DATA FOR THE TASK ▸
'''

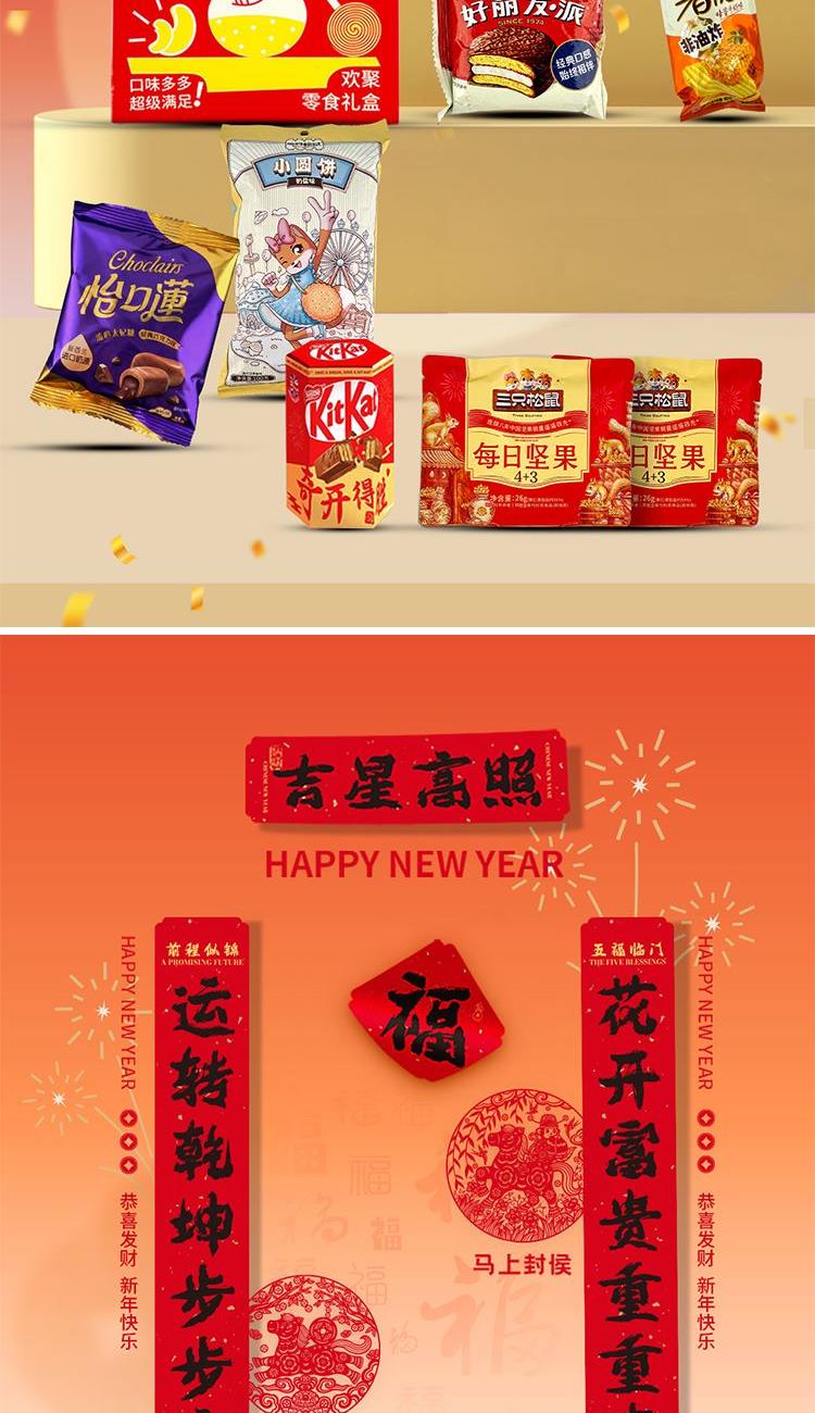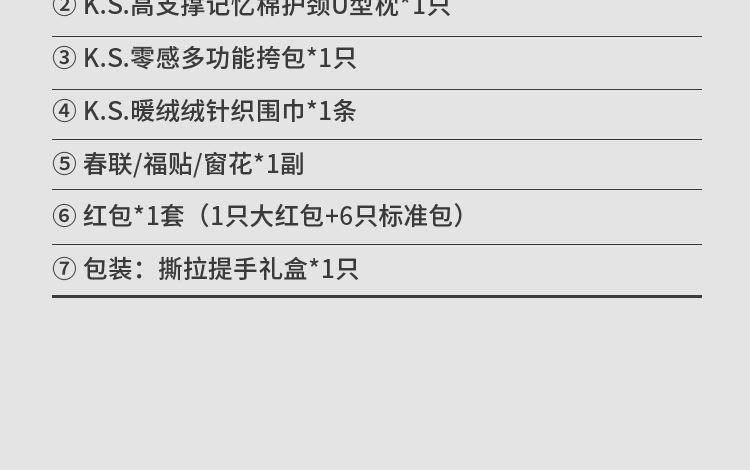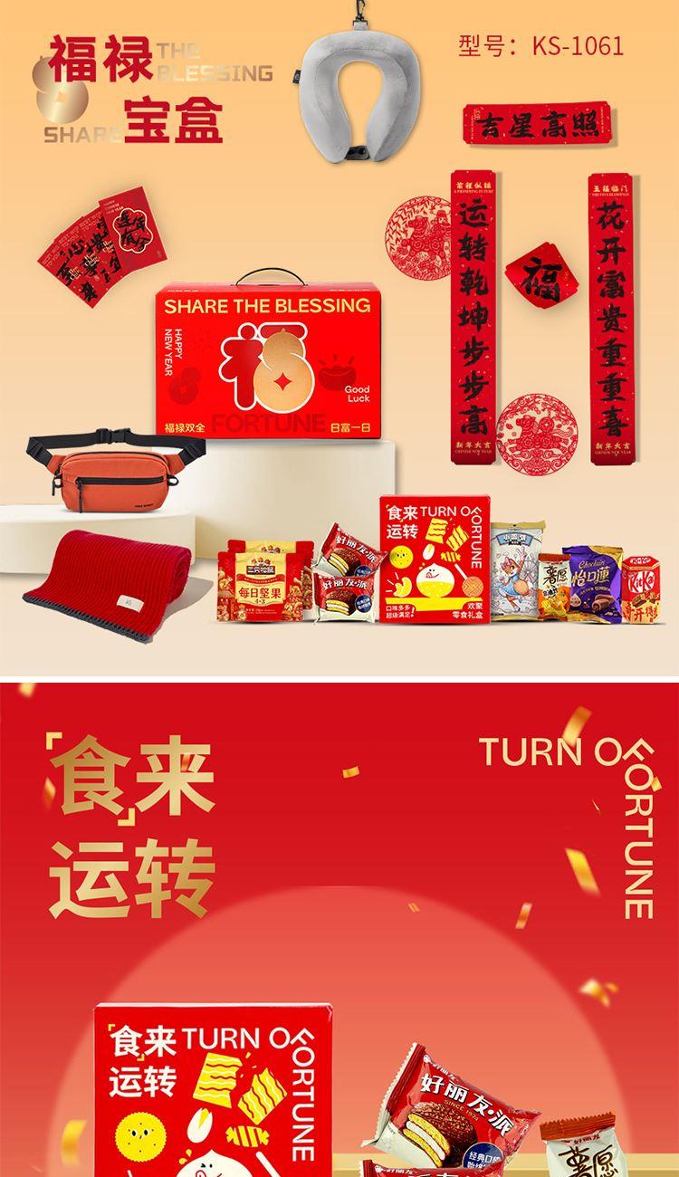 精选传统年味春联、红包、窗花与零食礼盒构成经典组合,并搭配实用好物(针织围巾、斜挎包、U型枕),支持产品替换,灵活自由。
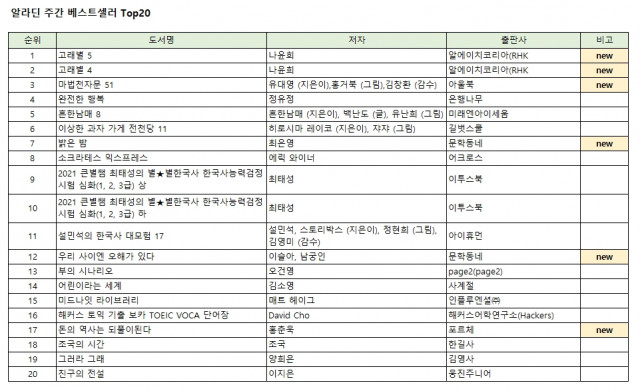 일제 강점기 경성을 배경으로 한 시대극 로맨스 웹툰 ‘고래별’이 단행본 4, 5권 예약 판매 개시와 함께 나란히 알라딘 베스트셀러 1, 2위에 올랐다. ‘고래별’은 네이버 웹툰에 2019년 6월 첫 연재를 시작해 6월 105화를 마지막으로 완결됐다. ‘고래별’은 평점 9.9를 꾸준히 기록하는 등 연재 기간 내 독자들의 호평이 이어졌으며 테이크원스튜디오를 통한 드라마 제작도 최근 확정된 것으로 알려졌다. 주 구매층은 20대 여성으로 전체 구매 고객의 51.2%를 차지하고 있다. 2003년부터 꾸준히 출간돼 어린이들의 사랑을 ...
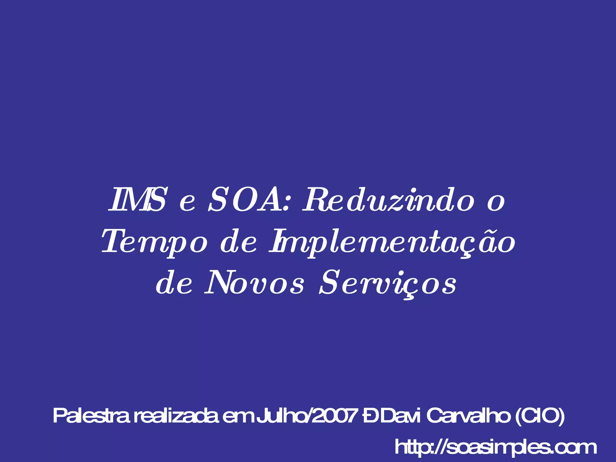 The document discusses how IMS (IP Multimedia Subsystem) and SOA (Service-Oriented Architecture) can help reduce the time needed to implement new services. IMS provides an open standard architecture for converged multi-media services across networks. SOA allows applications and services to be built in a modular way and connected through published interfaces, improving flexibility and integration. Combining IMS with SOA principles like loose coupling, reuse, and abstraction allows services to be deployed more quickly.
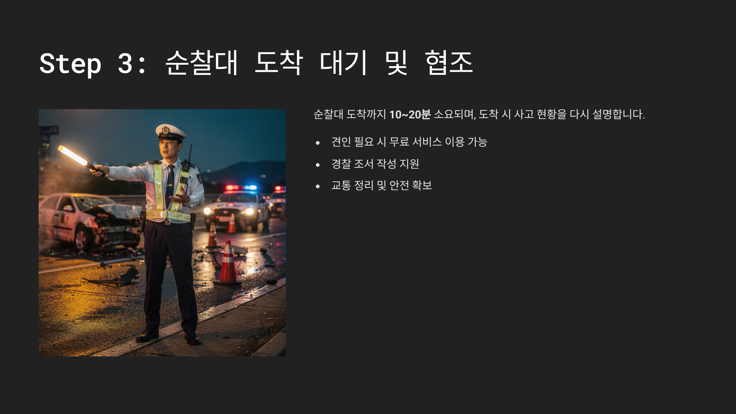 순찰대 도착까지 10~20분 소요되며, 도착 시 사고 현황을 다시 설명합니다. 견인 필요 시 무료 서비스 이용 가능하며, 경찰 조서 작성도 도와줍니다.
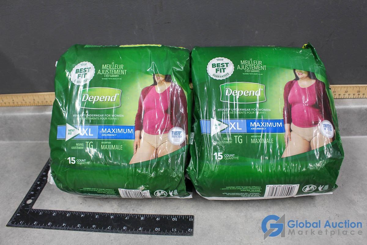 (2) Depends Packs of Underwear for Ladies Size XL
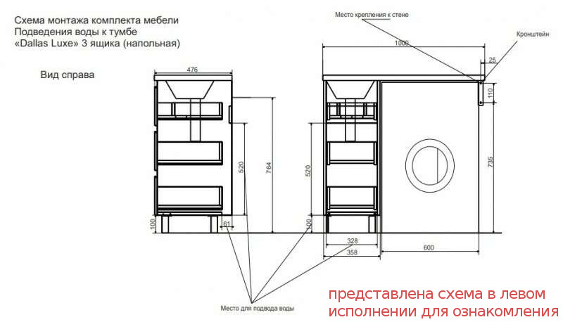 Тумба с раковиной Dallas Luxe 1000 напольная 3 ящика правая
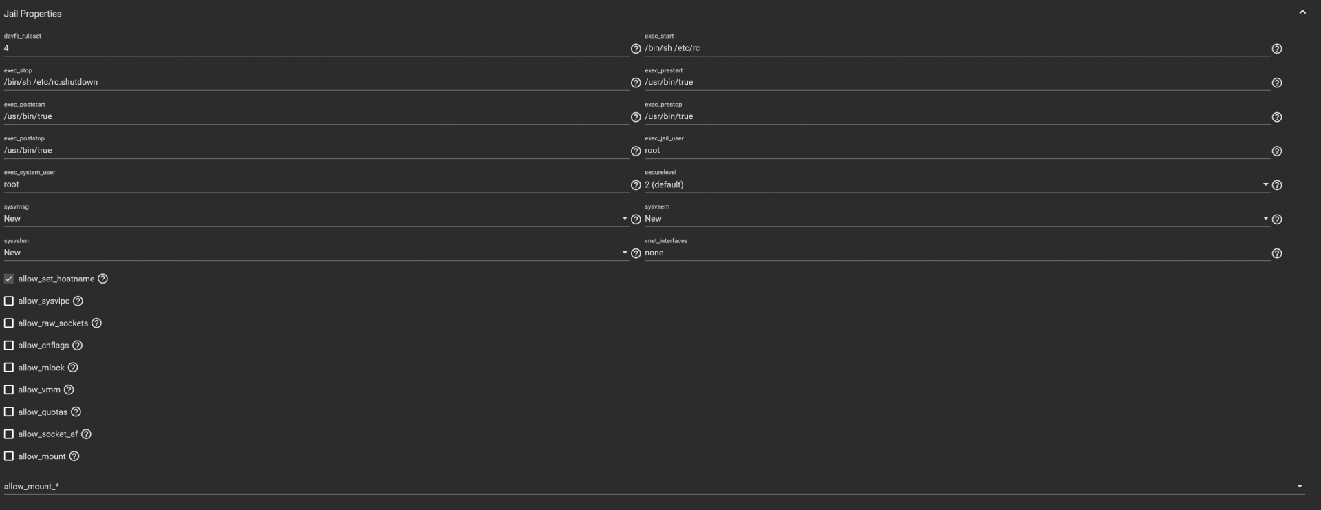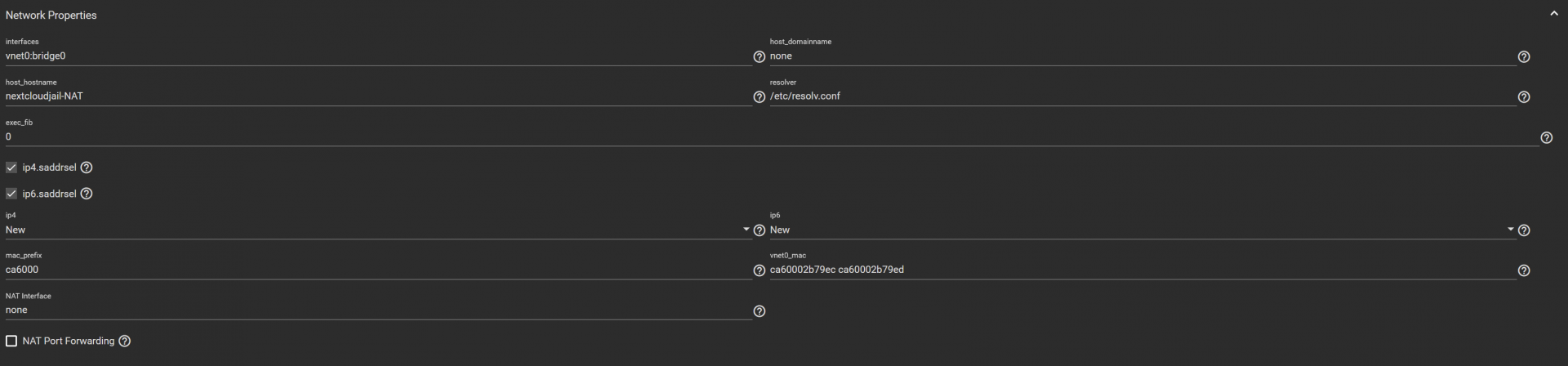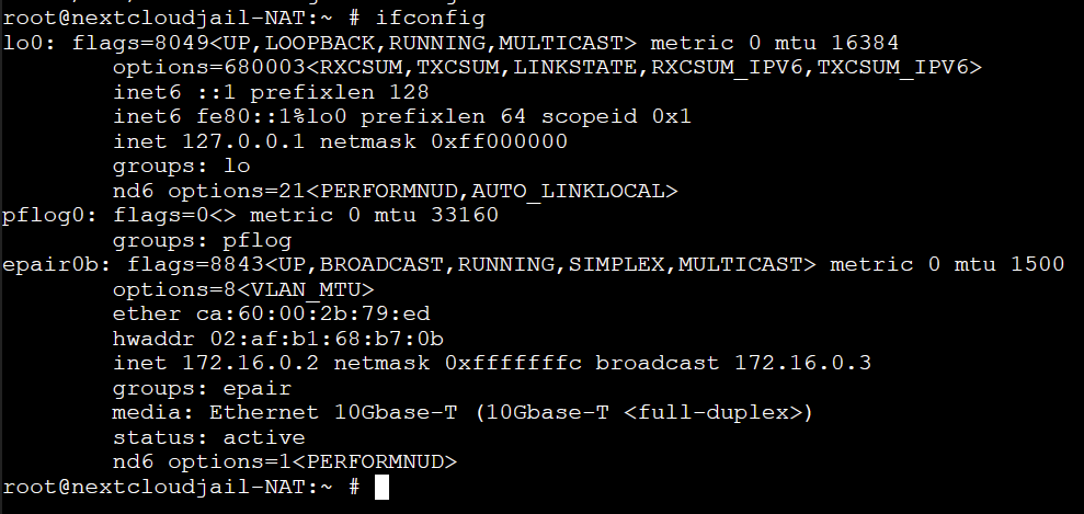 It also caught my attention that no ip address is listed when I run ifconfig in the jail's console. But I guess there is not supposed to be one since I set it up with NAT. (Unfortuanely, I can't find a way to select text to copy in the Web GUI's shell-window, so here's another screenshot:)

'''

PROBLEM STATEMENT ▸ Repeat word for word only the lines from the line holding "순찰대 도착까지 10~20분" to the final line of the material, both included. Don't carry over any picture.

TASK RESULT ▸
 순찰대 도착까지 10~20분 소요되며, 도착 시 사고 현황을 다시 설명합니다. 견인 필요 시 무료 서비스 이용 가능하며, 경찰 조서 작성도 도와줍니다.
 (2) Depends Packs of Underwear for Ladies Size XL
 Тумба с раковиной Dallas Luxe 1000 напольная 3 ящика правая
 It also caught my attention that no ip address is listed when I run ifconfig in the jail's console. But I guess there is not supposed to be one since I set it up with NAT. (Unfortuanely, I can't find a way to select text to copy in the Web GUI's shell-window, so here's another screenshot:)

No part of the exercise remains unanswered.